Category Archives: #weneeddiversebooks

Start the day with poetry

Last August I was fortunate to be in Scotland around the time of the Edinburgh Festival and all that’s associated with it, including the International Book Festival.

I was excited to see that there was a session that put together Kirsty Logan and Jón Kalmann Stefánsson. Shortly before going to Scotland I picked up The Gracekeepers at the Adelaide Airport bookshop. I was, and still am mostly, only reading books by female, non-white, non-English dominant authors. Starting on this trail showed up how much space books by white men take up in bookshops. I was pleased to find Kirsty’s book in Adelaide and it was probably the best fictional find of the summer. The Gracekeepers weaves magical realism, an almost drowned world, and circus boats, plus a huge bear.

Jón Kalman Stefánsson was a discovery from a few years ago when I came across his book Heaven and Hell in a Breton bookshop (yep, my book purchases sure do highlight my globetrotter status). It is the first in a trilogy I have since finished but at the time I only knew the first one.

The authors were paired together along a northern theme. Books set in Iceland tend to be bleak, whether a mystery, a crime story or a version of romance. I don’t know how I’d feel about them if I hadn’t visited Iceland and had it crawl under my skin. In any case, this isn’t so much about the merits of works set in Iceland, and more to do with Stefánsson’s morning ritual.

Stefánsson starts each day with a poem, coffee, and with gratefulness to the translators!

I took on his call to start each day with poetry and there have been only three or four times I’ve missed this routine in the last year. I read from works by a single author along with anthologies. Three books of poetry have particularly marked me this year. Below are the Goodreads reviews I did for each one. *I’ve been working on my book reviews so the reviews can be viewed as works in progress, the goal is to share my joy.

How Fire is a Story, Waiting by Melinda Palacio

I’ve thought long and hard about how to write about this book, along with two other books of poetry I read at the same time: Codeswitch: Fires from Mi Corazón by Iris de Anda, and When My Brother Was An Aztec by Natalie Díaz. The three authors are based in and around Southern CA with some travels outside. Melinda Palacio frames her work through the elements: fire, air, water, and earth. She tells the story of her family, including the meeting of her parents, her father’s “sin verguenza swagger” (one of my favourite poems in the book), and her father’s time in prison. I love reading these poems over and over, in conjunction with the other two books I mentioned above. I’m going to link to a much more complete and worthy review…

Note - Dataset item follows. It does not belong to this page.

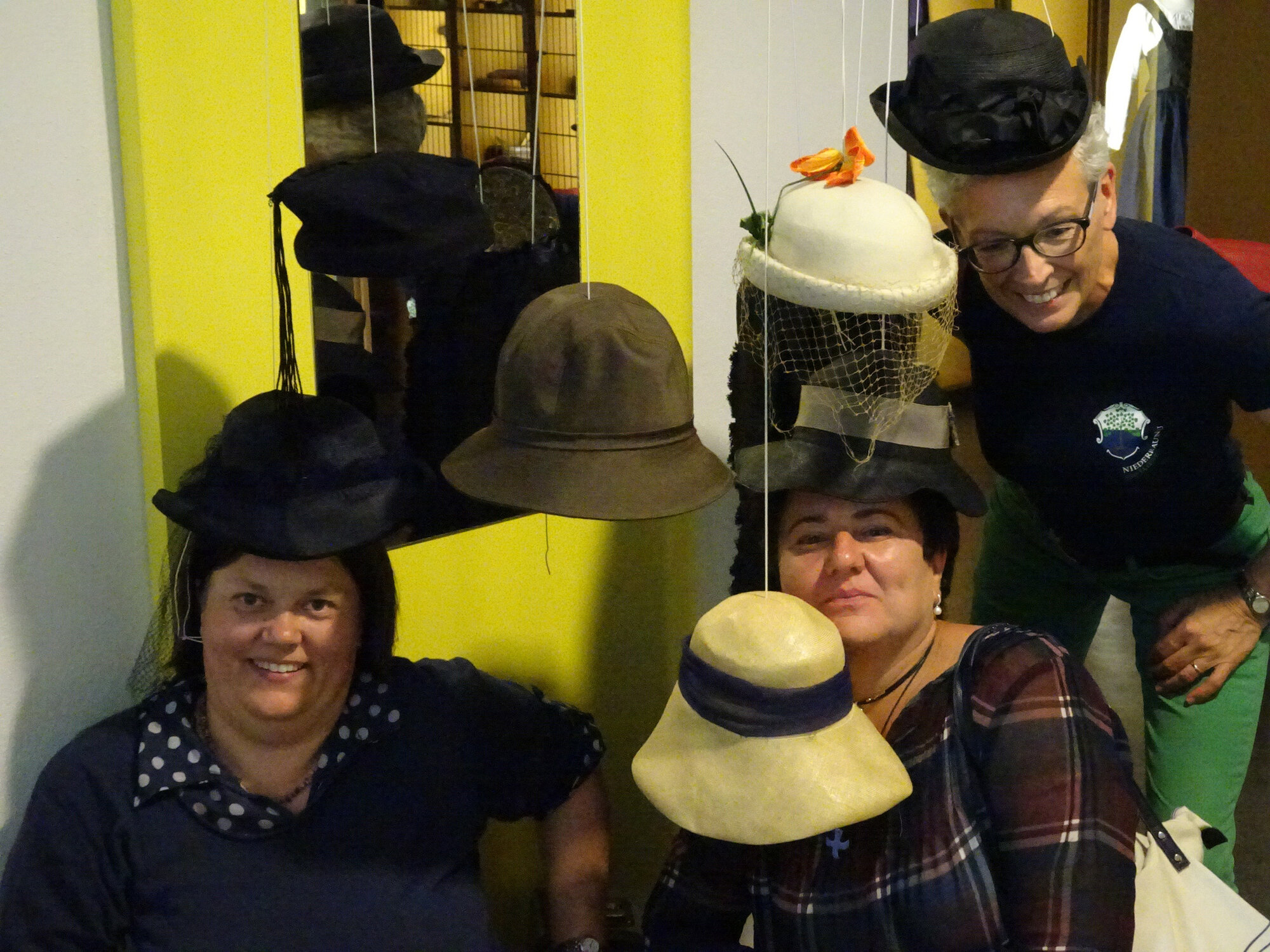 Dass ein Heimatmuseum nicht unbedingt eine trockene Materie sein muss, das konnten wir nicht nur durch die Museumsleiterin, sondern auch selbst erfahren, z.B. an den Hutmoden. |

Iris de Anda: Codeswitch: Fires from Mi Corazón

I’ve thought long and hard about how to write about this book, along with two other books of poetry I read at the same time: How Fire is a Story, Waiting by Melinda Palacio, and When My Brother Was An Aztec by Natalie Díaz. The three authors are based in and around Southern CA with some travels outside. Iris de Anda frames her work through the chambers of the heart: rage/coraje, love/amor, revolution/revolución, evolution/evolución. The power of De Anda’s work lies in its ritualistic nature and short phrasings that build one on the other. This is poetry to be read aloud, with a strong and passionate voice. There are no negotiations between languages, they merge, are not translated (except in the chapter titles). There is a call to action, a call to push through the pain and the hurt, and to keep fighting for our common humanity and true empathy.

When My Brother Was An Aztec by Natalie Díaz

I read this book in conjunction with Iris de Anda’s Codeswitch: Fires from Mi Corazón and Melinda Palacio’s How Fire is a Story, Waiting. All three authors are based in and around Southern California. The power of the words these three authors put to the page cannot be understated. They stand alone and together, each with a unique voice and unique stories to share. Natalie Diaz skillfully blends poetic style and form to tell tales that have personal resonance, and tales that speak to the larger world around. There is the story of her brother, her family, tales of childhood, strung along with the tale of Mojave Barbie, a lion devouring a man and boxes of raisins, and many more besides. Words, poems and stories that will leave you wishing for more.


Everyone listens to everyone: my visit to Still Waters in a Storm

This time last week I visited Still Waters in a Storm, a community writing center in Bushwick, Brooklyn. I first heard about Still Waters a few years ago when comments regarding the center came across my Facebook feed. I hadn’t visited the center at that time but it was a strong influence on my decision to open a writing center here in San Francisco. I still haven’t opened a center and I’m still listening to know how to best go about it in order to best serve the community, but it will happen.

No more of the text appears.